A big THANK YOU for all the hard work to all contributors.
I cannot imagine using a system built on top of anything else than Linux. ;-)
The worldwide supercomputers and HPC clusters tend to agree with me
Forget about silly nVidia drivers. The seriously important thing is; does it support systemd yet?
At the rate systemd is absorbing functionality, the question is now (or soon will be) "Does systemd still support Linux?"
Welcome another round of API/ABI breakage: even the latest beta NVIDIA drivers 381.09 are not compatible with this kernel.
Meanwhile, opensource drivers, that are part of the kernel all work.

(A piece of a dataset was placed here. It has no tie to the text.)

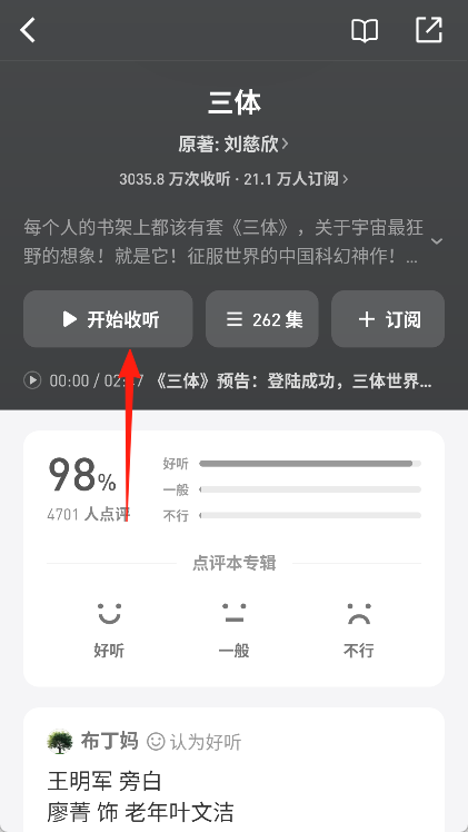 4、在进入播放界面后,点击上方的开始收听按钮即可开始播放。
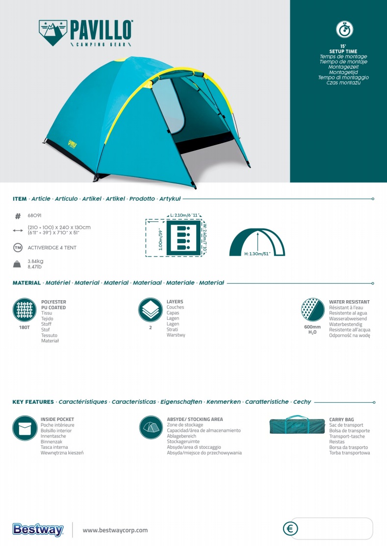 | Tyyppi: | Pavillo Activeridge 4 teltta 240 x 130 cm |

Intel's opensource driver :
- development paid by Intel themselves
- works with Intel's own opensource openGL driver)
IT WORKS
AMD's opensource driver :
- development paid, among other, by AMD themselves (but also by Valve)
- works with both the opensource driver (whose developement was among other paid by AMD, and is considered the future official driver)
- and the closed source AMDGPU-PRO (that AMD is putting, until the opensource catches up (openCL and Vulkan not up to par yet *) and for the few professional CAD workstation users that needs some weird feature that AMD is never bothering to port to Mesa)
IT WORKS.
Only NVIDIA persist in doing things their way (because it enables them to simply cross-compile** their Windows drivers to Linux, even if that breaks most facilities used by everybody else - see Optimus, etc.).
And only collaborates once in a bluemoon with the Nouveau developpers when it helps their agenda with Tegra mobile GPUs (where Linux support is a must).
(And because of that, even the opensource Nouveau that had to be developped from scratch by unrelated 3rd parties - is problematic)
INSERT LINUS' "FUCK YOU NVIDIA" PIC
So stop blaming Linux dev's for Nvidia's wrong doings.
Everyone else plays nicely with Linux and it works.
Only Nvidia decide to fuck up everything and go against everyone else and you see the end result.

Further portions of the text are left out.